In the data below, begin at the line with "гр/м2., зажимы, наконечники." and stop after the line with "Porodní babka na"; output those lines exactly and no pictures.

## [INFORMATION]
******
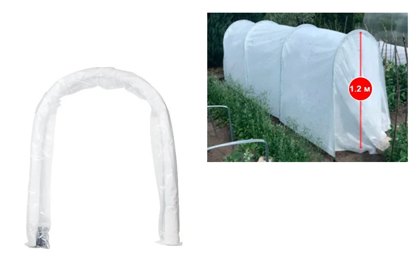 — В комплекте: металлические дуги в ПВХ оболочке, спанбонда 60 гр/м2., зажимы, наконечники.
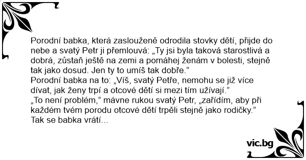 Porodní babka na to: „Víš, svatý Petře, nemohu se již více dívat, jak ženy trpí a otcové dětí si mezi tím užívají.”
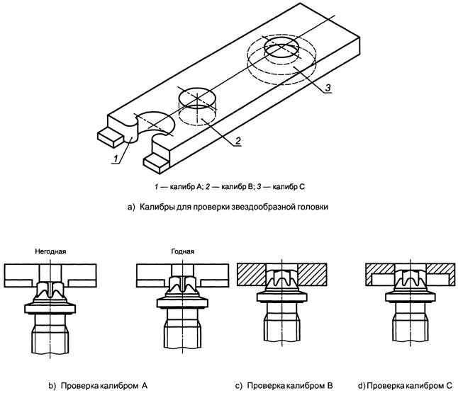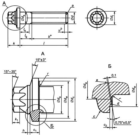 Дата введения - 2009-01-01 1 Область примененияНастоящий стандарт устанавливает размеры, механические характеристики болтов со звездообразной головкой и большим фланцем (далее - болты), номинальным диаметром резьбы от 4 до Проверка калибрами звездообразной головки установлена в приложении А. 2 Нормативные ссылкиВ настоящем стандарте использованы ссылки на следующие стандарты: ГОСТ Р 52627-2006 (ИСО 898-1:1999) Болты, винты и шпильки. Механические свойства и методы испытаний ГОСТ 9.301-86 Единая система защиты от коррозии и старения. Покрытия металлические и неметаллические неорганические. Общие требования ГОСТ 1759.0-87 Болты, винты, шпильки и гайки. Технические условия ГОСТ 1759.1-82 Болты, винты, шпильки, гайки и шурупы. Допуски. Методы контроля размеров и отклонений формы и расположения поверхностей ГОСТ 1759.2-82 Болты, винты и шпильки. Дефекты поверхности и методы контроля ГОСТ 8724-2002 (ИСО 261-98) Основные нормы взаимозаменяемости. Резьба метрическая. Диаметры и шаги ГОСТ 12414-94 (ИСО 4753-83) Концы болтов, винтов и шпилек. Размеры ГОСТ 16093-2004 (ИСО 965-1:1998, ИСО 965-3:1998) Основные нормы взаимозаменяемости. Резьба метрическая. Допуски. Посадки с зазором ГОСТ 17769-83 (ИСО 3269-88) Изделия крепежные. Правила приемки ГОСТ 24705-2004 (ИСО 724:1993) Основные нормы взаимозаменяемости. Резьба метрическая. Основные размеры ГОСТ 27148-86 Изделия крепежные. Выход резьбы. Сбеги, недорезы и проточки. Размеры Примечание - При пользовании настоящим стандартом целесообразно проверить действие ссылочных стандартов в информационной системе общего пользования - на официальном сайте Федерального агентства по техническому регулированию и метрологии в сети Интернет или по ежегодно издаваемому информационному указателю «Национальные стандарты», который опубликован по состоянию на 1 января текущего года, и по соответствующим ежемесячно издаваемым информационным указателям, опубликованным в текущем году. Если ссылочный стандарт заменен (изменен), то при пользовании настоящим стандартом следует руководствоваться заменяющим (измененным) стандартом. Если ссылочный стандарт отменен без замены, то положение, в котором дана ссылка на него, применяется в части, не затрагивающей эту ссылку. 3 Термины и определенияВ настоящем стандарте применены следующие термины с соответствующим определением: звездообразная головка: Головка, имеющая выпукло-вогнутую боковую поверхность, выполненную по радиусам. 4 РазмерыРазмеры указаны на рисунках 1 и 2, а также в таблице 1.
******
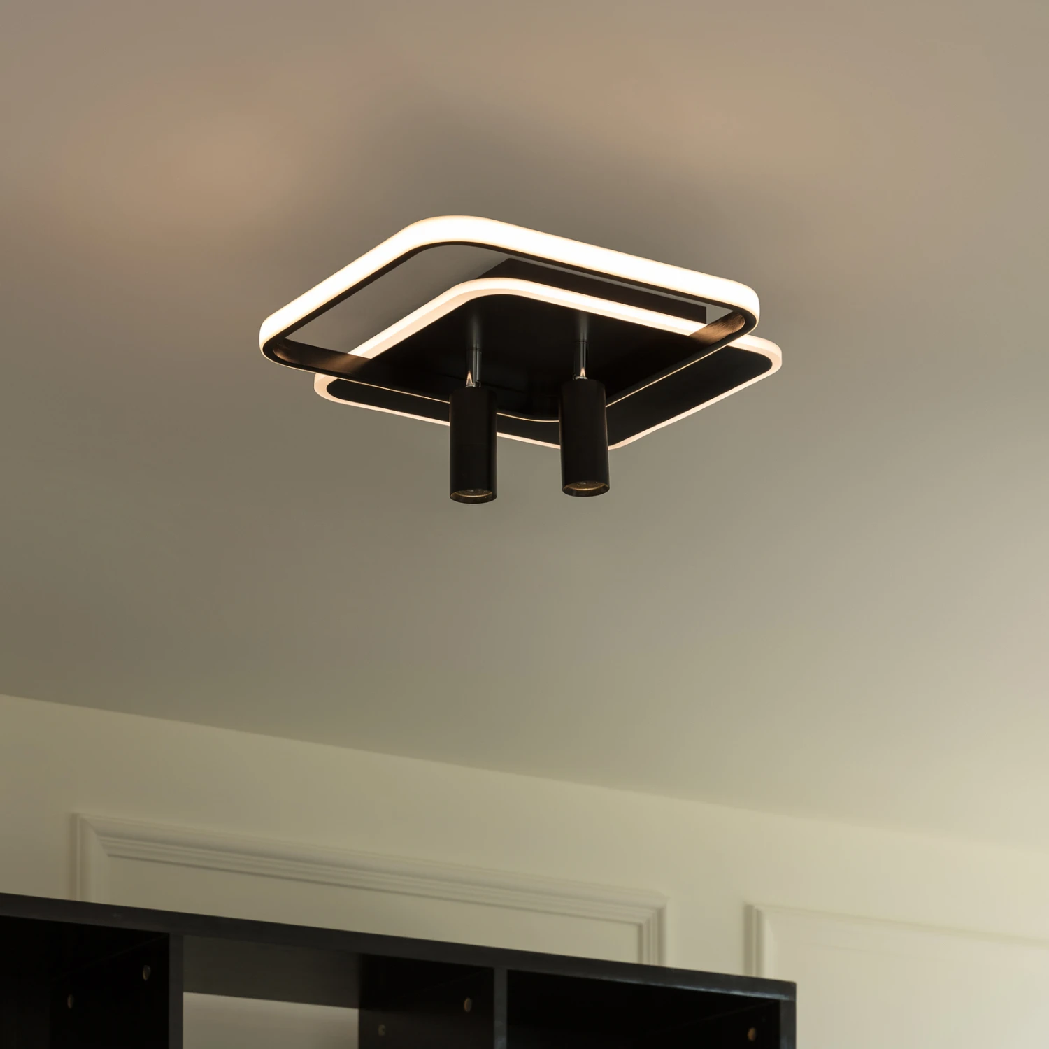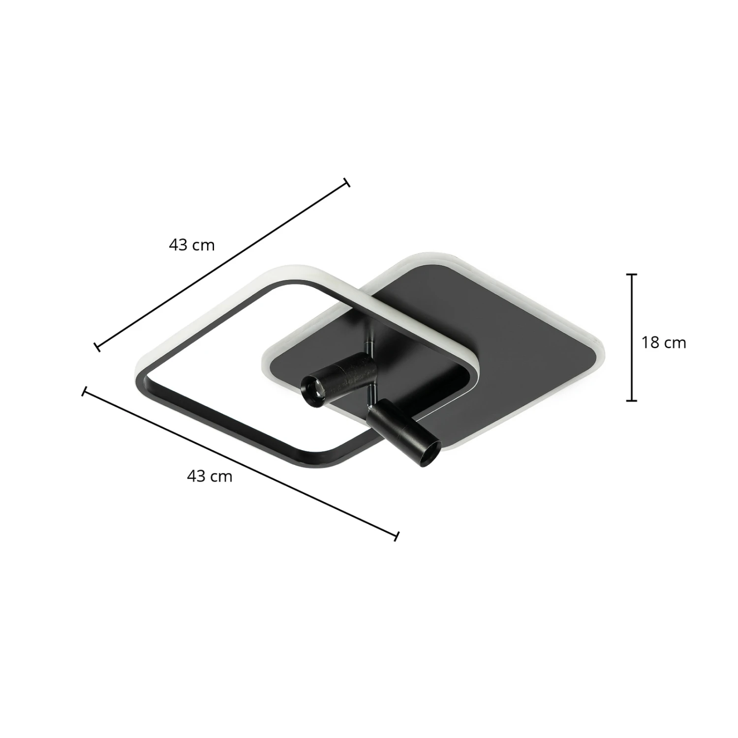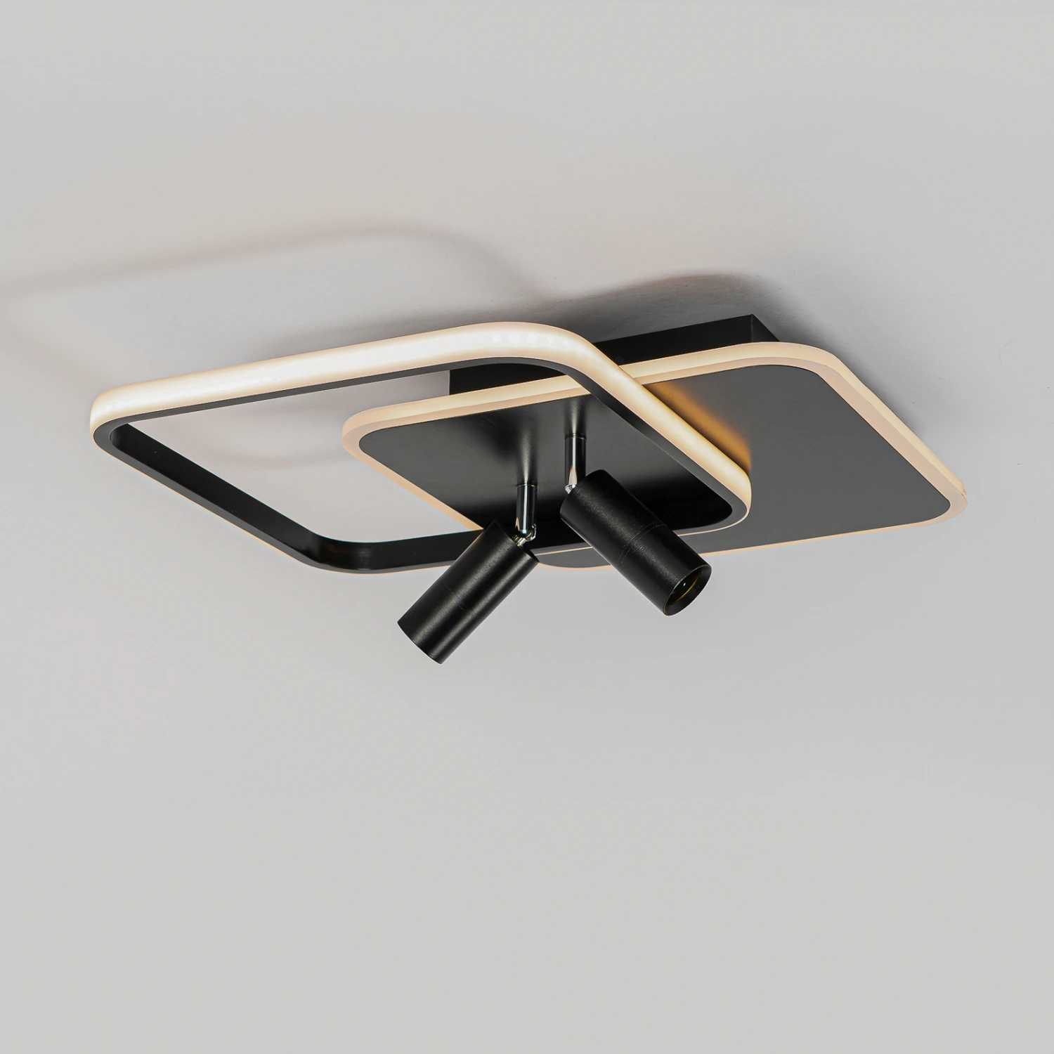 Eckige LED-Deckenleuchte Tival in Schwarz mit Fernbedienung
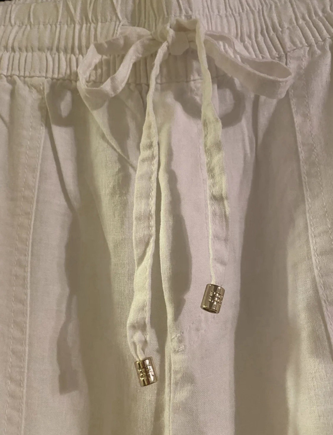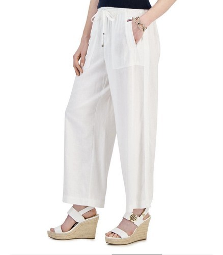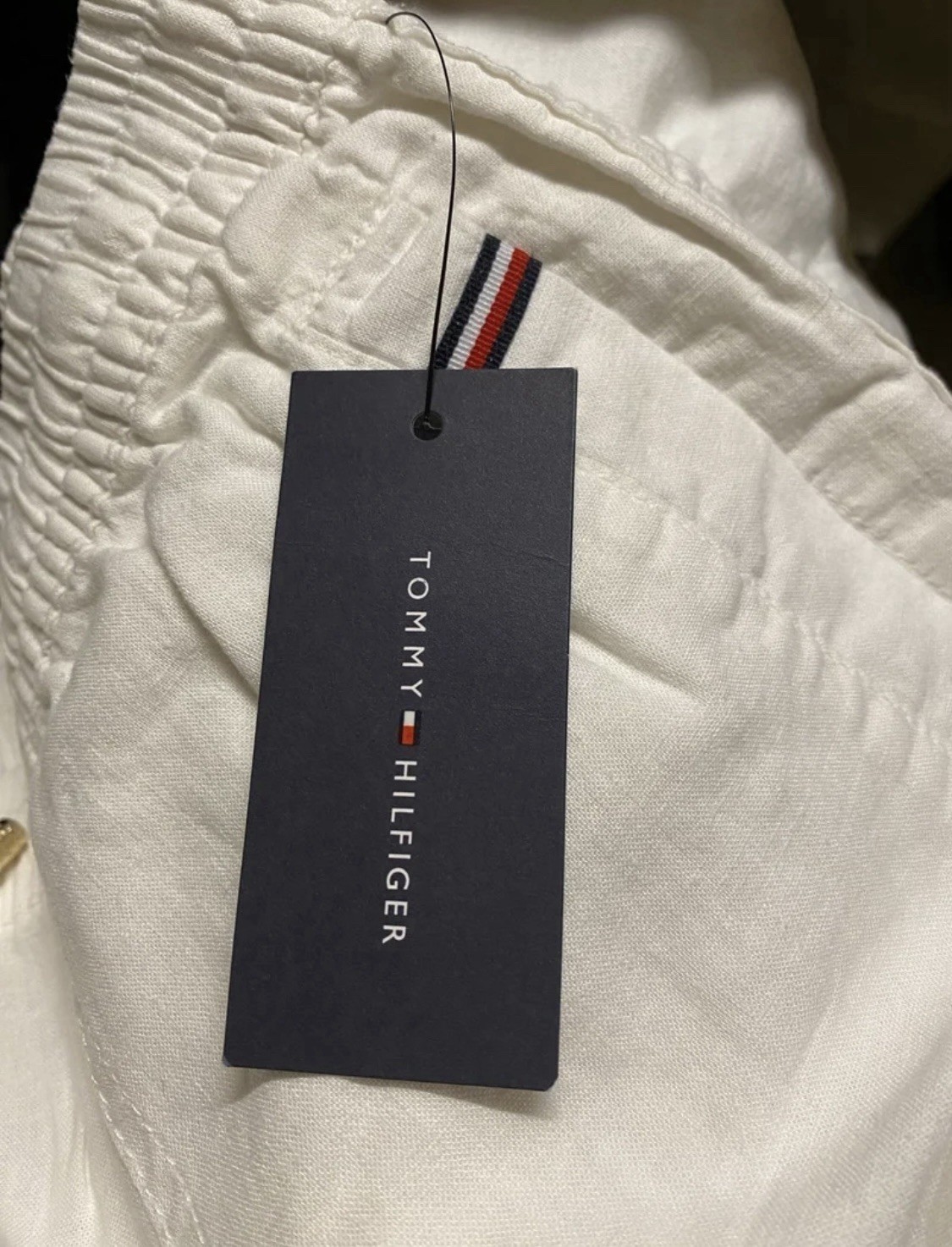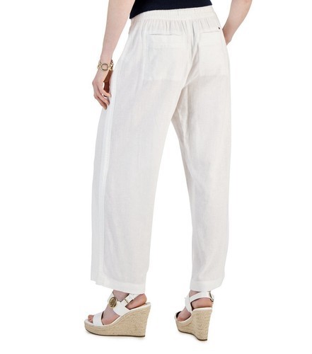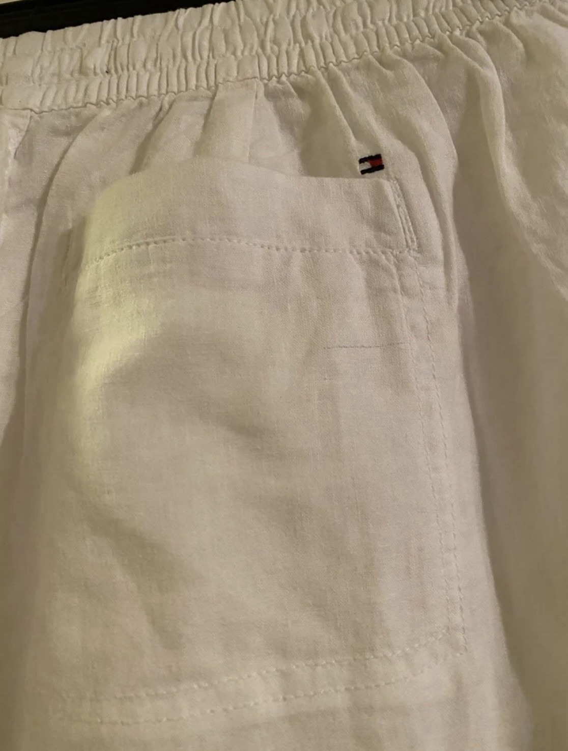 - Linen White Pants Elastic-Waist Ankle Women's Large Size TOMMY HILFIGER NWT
******
## [TASK OUTPUT]
 — В комплекте: металлические дуги в ПВХ оболочке, спанбонда 60 гр/м2., зажимы, наконечники.
 Porodní babka na to: „Víš, svatý Petře, nemohu se již více dívat, jak ženy trpí a otcové dětí si mezi tím užívají.”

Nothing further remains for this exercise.